与 C# 和 Java 相比，编译 C++ 文件需要很长时间.与运行正常大小的 Python 脚本相比，编译 C++ 文件所需的时间要长得多.我目前正在使用 VC++，但它与任何编译器都是一样的.这是为什么?

Compiling a C++ file takes a very long time when compared to C# and Java. It takes significantly longer to compile a C++ file than it would to run a normal size Python script. I'm currently using VC++ but it's the same with any compiler. Why is this?

我能想到的两个原因是加载头文件和运行预处理器，但这似乎不能解释为什么需要这么长时间.

The two reasons I could think of were loading header files and running the preprocessor, but that doesn't seem like it should explain why it takes so long.

推荐答案

几个原因

每个编译单元都需要 (1) 加载和 (2) 编译数百甚至数千个头文件.它们中的每一个通常都必须为每个编译单元重新编译，因为预处理器确保编译头文件的结果可能因每个编译单元而异.(可以在一个编译单元中定义一个宏来改变头文件的内容).

Every single compilation unit requires hundreds or even thousands of headers to be (1) loaded and (2) compiled. Every one of them typically has to be recompiled for every compilation unit, because the preprocessor ensures that the result of compiling a header might vary between every compilation unit. (A macro may be defined in one compilation unit which changes the content of the header).

这可能是主要原因，因为它需要为每个编译单元编译大量代码，此外，每个头文件都必须多次编译(对于包含它的每个编译单元一次).

This is probably the main reason, as it requires huge amounts of code to be compiled for every compilation unit, and additionally, every header has to be compiled multiple times (once for every compilation unit that includes it).

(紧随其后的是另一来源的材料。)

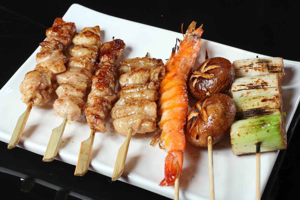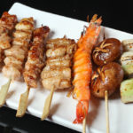串焼き盛合わせ(248B)は人気の串をおまかせで7本。酒がぐいぐい進むことこの上ない

一旦编译，所有的目标文件必须链接在一起.这基本上是一个无法很好地并行化的整体流程，并且必须处理您的整个项目.

Once compiled, all the object files have to be linked together. This is basically a monolithic process that can't very well be parallelized, and has to process your entire project.

语法解析极其复杂，严重依赖上下文，并且很难消除歧义.这需要很多时间.

The syntax is extremely complicated to parse, depends heavily on context, and is very hard to disambiguate. This takes a lot of time.

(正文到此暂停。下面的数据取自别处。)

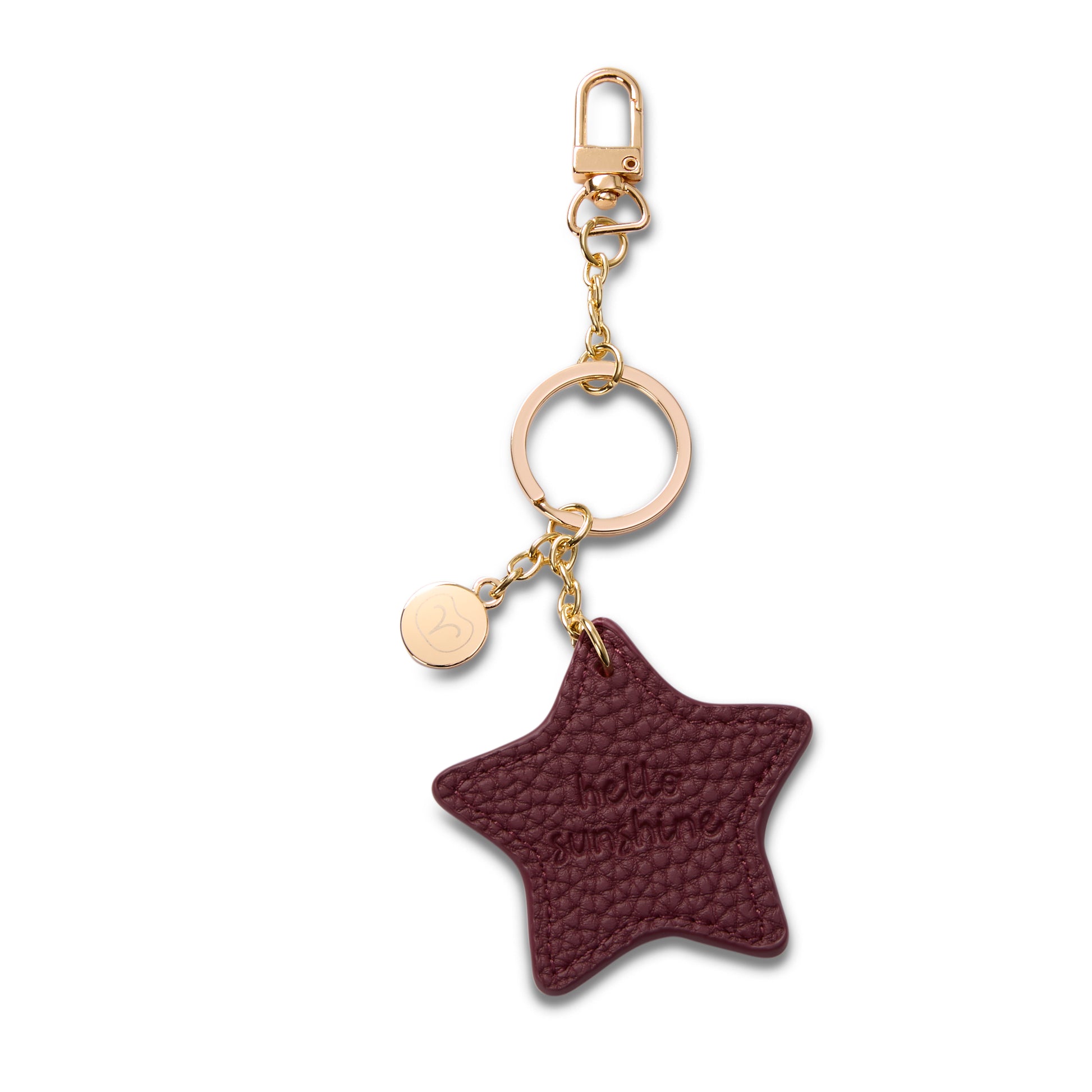 Beautiful star shape keyring, finished with a goodeehoo engraved tag featuring the signature owl design, keychain and additional handy clip in shiny gold hardware.

在 C# 中，List 是唯一被编译的类型，无论您的程序中有多少个 List 实例.在 C++ 中，vector 是与 vector 完全不同的类型，每个类型都必须单独编译.

In C#, List<T> is the only type that is compiled, no matter how many instantiations of List you have in your program. In C++, vector<int> is a completely separate type from vector<float>, and each one will have to be compiled separately.

此外，模板构成了编译器必须解释的完整图灵完备子语言"，这会变得非常复杂.即使是相对简单的模板元编程代码也可以定义递归模板，这些模板创建数十个模板实例.模板也可能导致极其复杂的类型，名称长得可笑，给链接器增加了很多额外的工作.(它必须比较很多符号名称，如果这些名称可以长到数千个字符，那会变得相当昂贵).

Add to this that templates make up a full Turing-complete "sub-language" that the compiler has to interpret, and this can become ridiculously complicated. Even relatively simple template metaprogramming code can define recursive templates that create dozens and dozens of template instantiations. Templates may also result in extremely complex types, with ridiculously long names, adding a lot of extra work to the linker. (It has to compare a lot of symbol names, and if these names can grow into many thousand characters, that can become fairly expensive).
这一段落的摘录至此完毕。